Exercise: With the pictures left aside, write out exactly the lines of the listing below from the line with "Сковорода со стеклянной" to the line with "Auch hier gibt", both included, and only those.

Data for review:
○ ○ ○ ○

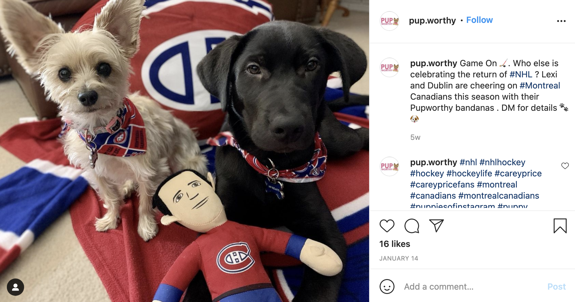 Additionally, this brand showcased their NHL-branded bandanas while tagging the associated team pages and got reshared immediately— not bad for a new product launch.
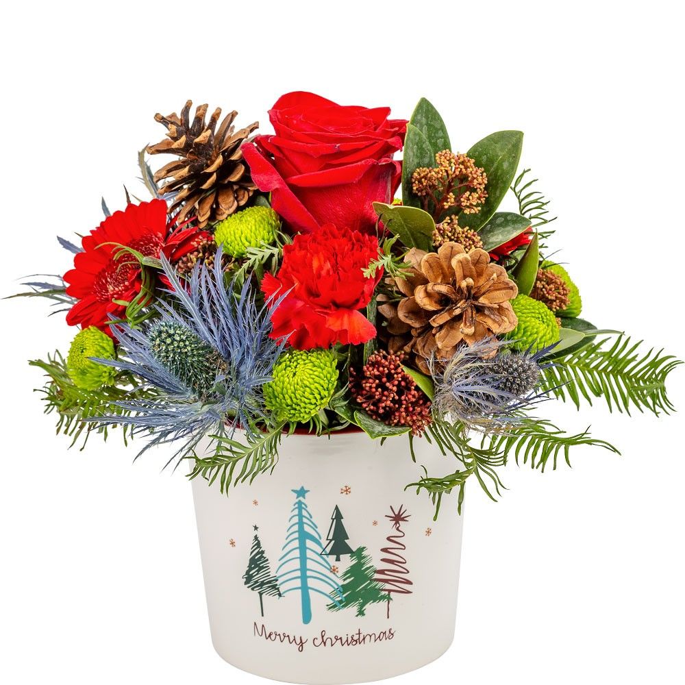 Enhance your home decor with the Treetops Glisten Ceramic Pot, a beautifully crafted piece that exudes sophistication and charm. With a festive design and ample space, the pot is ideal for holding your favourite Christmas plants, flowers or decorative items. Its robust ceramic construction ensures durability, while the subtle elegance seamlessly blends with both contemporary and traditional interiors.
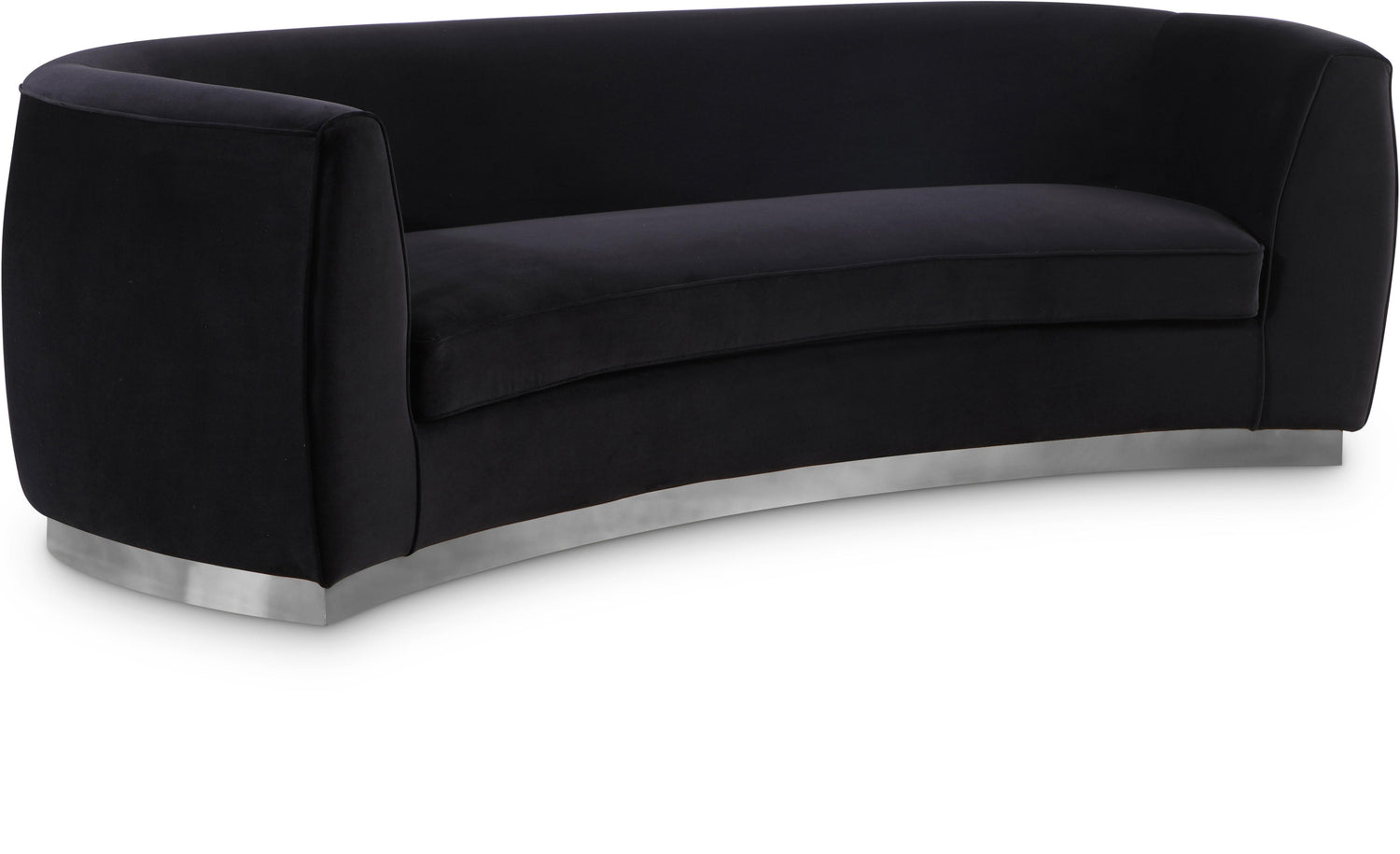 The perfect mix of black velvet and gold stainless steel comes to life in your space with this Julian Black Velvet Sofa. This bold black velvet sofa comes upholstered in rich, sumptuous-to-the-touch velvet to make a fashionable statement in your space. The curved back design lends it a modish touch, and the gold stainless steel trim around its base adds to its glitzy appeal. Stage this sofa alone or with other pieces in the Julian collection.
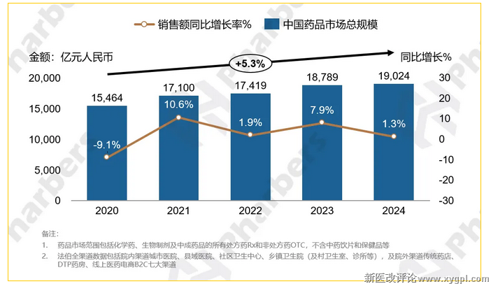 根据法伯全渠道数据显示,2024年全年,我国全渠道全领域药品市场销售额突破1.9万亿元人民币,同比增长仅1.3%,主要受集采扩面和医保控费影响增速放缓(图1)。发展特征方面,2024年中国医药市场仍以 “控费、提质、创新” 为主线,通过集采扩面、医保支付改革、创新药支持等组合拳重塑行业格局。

○ ○ ○ ○

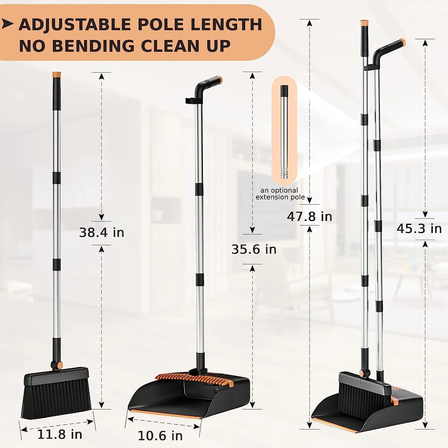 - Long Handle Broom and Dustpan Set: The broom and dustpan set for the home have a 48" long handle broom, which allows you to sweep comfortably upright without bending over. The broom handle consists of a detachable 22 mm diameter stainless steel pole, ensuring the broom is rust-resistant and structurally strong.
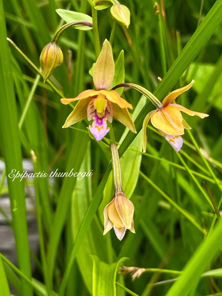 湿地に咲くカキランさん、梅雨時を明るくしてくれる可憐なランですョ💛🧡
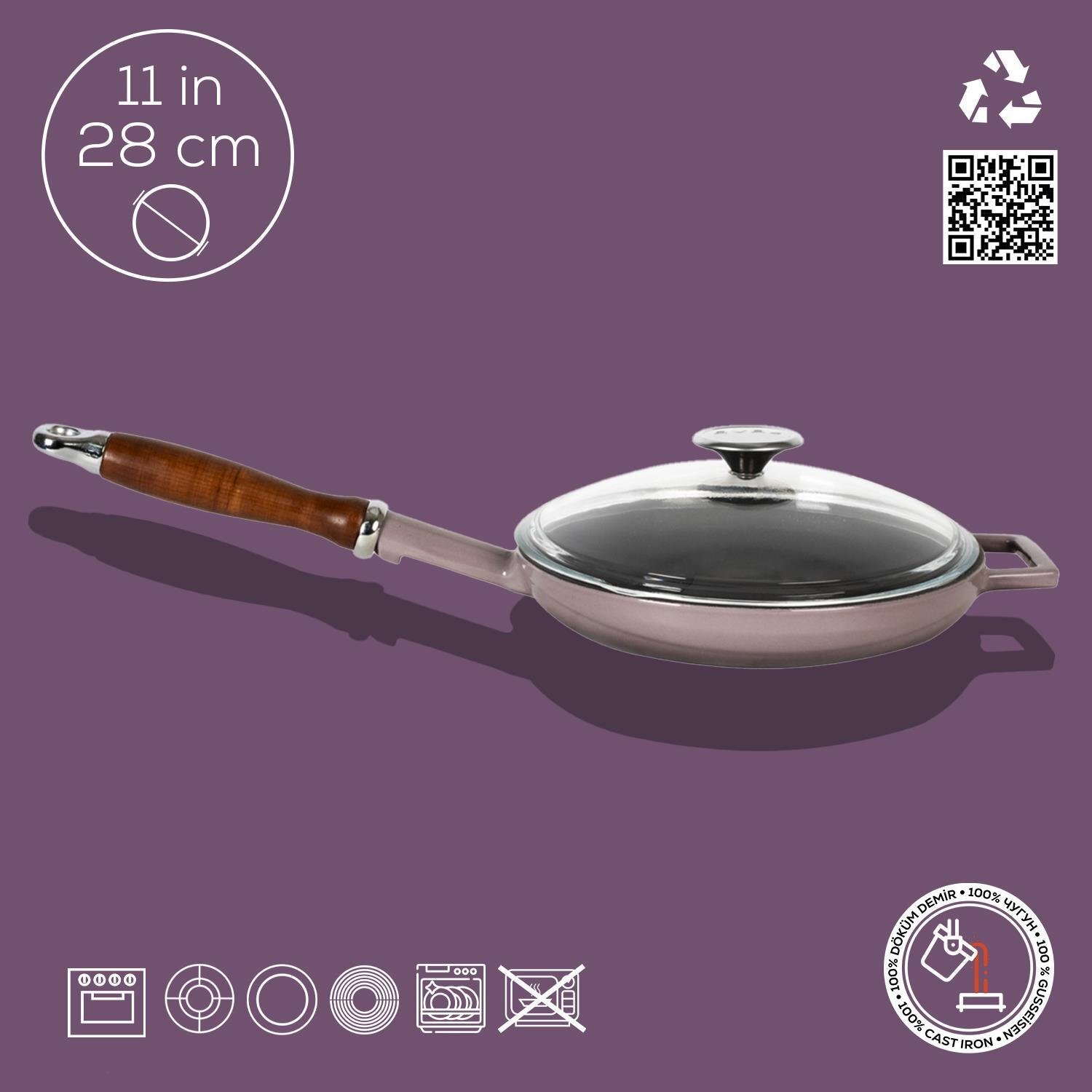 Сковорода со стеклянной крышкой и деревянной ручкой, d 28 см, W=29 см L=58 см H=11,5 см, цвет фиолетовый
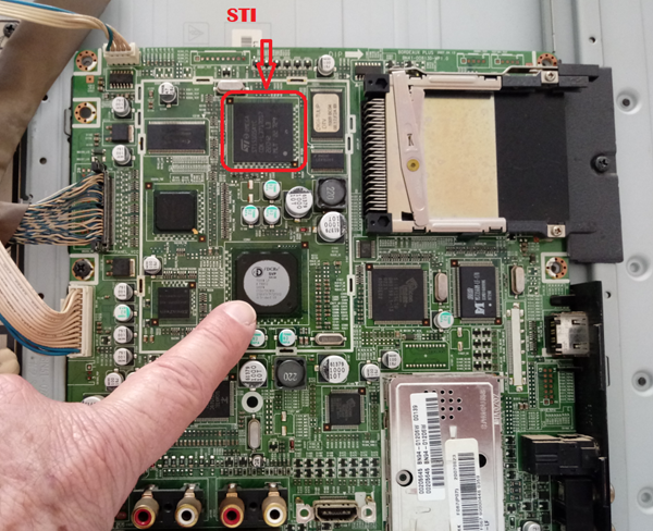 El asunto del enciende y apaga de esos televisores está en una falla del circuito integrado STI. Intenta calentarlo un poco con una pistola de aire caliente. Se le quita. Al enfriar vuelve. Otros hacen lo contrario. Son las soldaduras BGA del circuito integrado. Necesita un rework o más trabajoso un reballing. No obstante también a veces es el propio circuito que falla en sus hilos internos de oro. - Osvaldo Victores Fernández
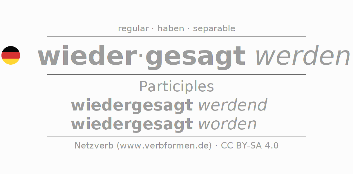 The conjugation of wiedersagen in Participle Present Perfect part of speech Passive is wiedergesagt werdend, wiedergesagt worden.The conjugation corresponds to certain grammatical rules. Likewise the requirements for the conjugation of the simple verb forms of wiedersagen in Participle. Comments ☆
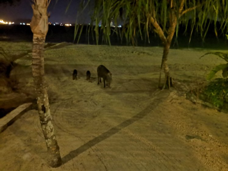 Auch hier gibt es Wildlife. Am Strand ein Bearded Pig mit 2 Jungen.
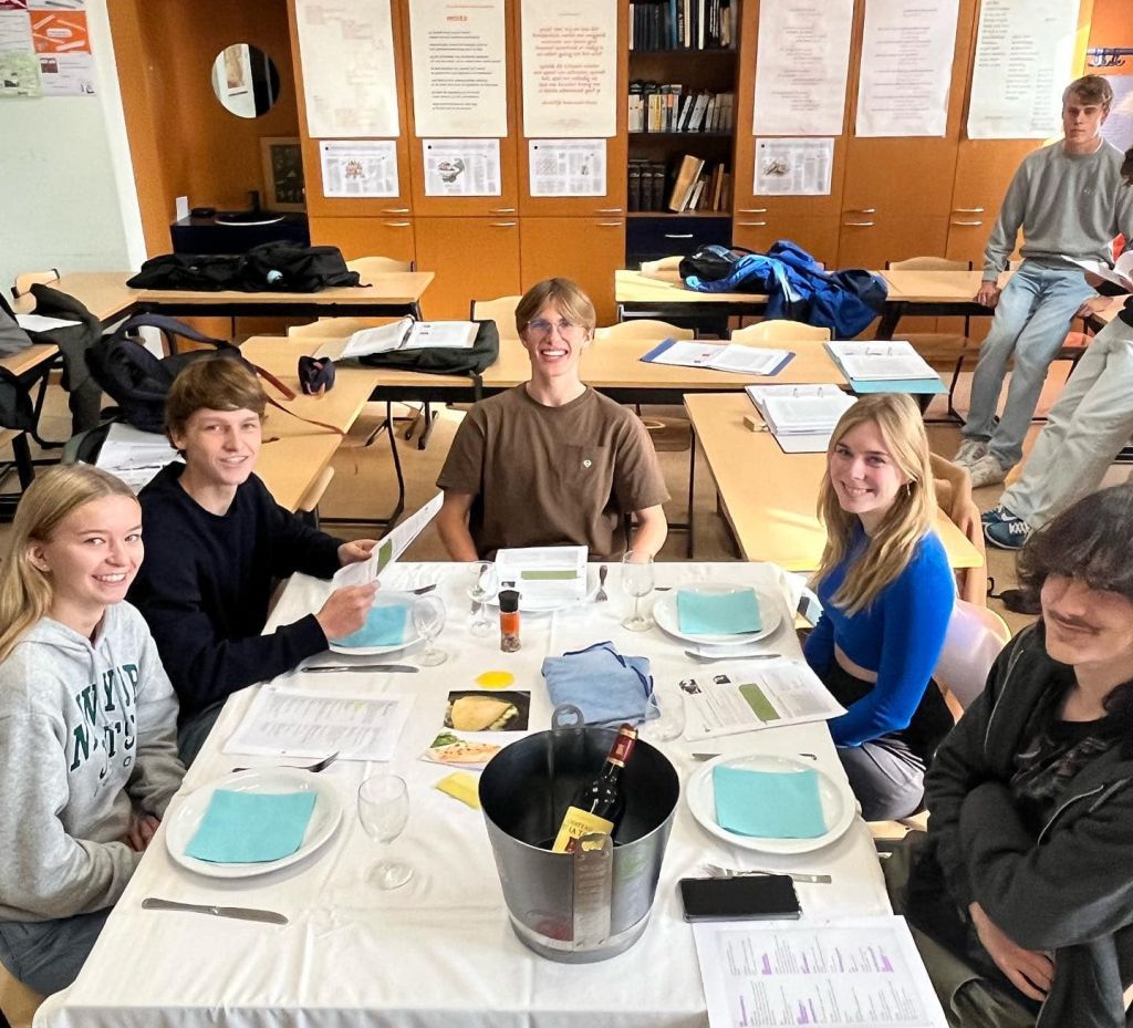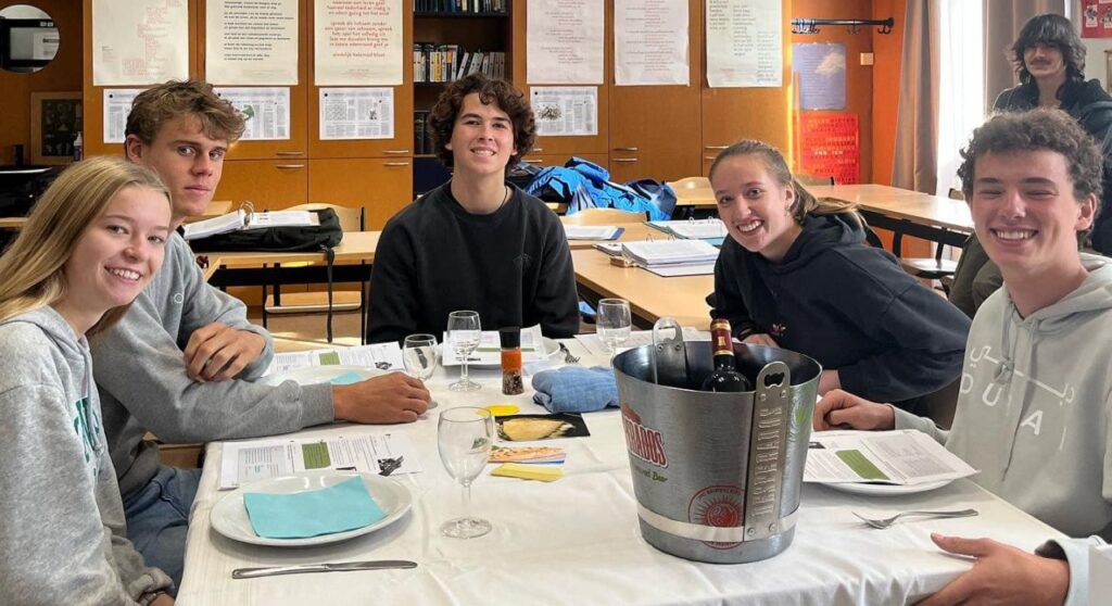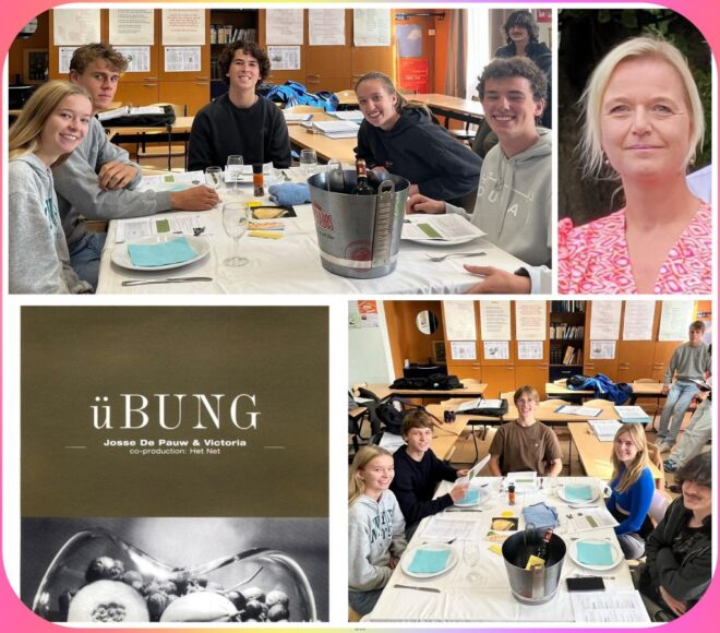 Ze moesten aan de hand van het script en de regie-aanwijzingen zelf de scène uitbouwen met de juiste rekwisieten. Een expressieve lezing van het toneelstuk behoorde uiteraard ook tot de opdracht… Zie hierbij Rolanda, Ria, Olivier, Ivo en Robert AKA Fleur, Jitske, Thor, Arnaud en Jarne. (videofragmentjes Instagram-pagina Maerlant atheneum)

○ ○ ○ ○

Output below:
 Сковорода со стеклянной крышкой и деревянной ручкой, d 28 см, W=29 см L=58 см H=11,5 см, цвет фиолетовый
 El asunto del enciende y apaga de esos televisores está en una falla del circuito integrado STI. Intenta calentarlo un poco con una pistola de aire caliente. Se le quita. Al enfriar vuelve. Otros hacen lo contrario. Son las soldaduras BGA del circuito integrado. Necesita un rework o más trabajoso un reballing. No obstante también a veces es el propio circuito que falla en sus hilos internos de oro. - Osvaldo Victores Fernández
 The conjugation of wiedersagen in Participle Present Perfect part of speech Passive is wiedergesagt werdend, wiedergesagt worden.The conjugation corresponds to certain grammatical rules. Likewise the requirements for the conjugation of the simple verb forms of wiedersagen in Participle. Comments ☆
 Auch hier gibt es Wildlife. Am Strand ein Bearded Pig mit 2 Jungen.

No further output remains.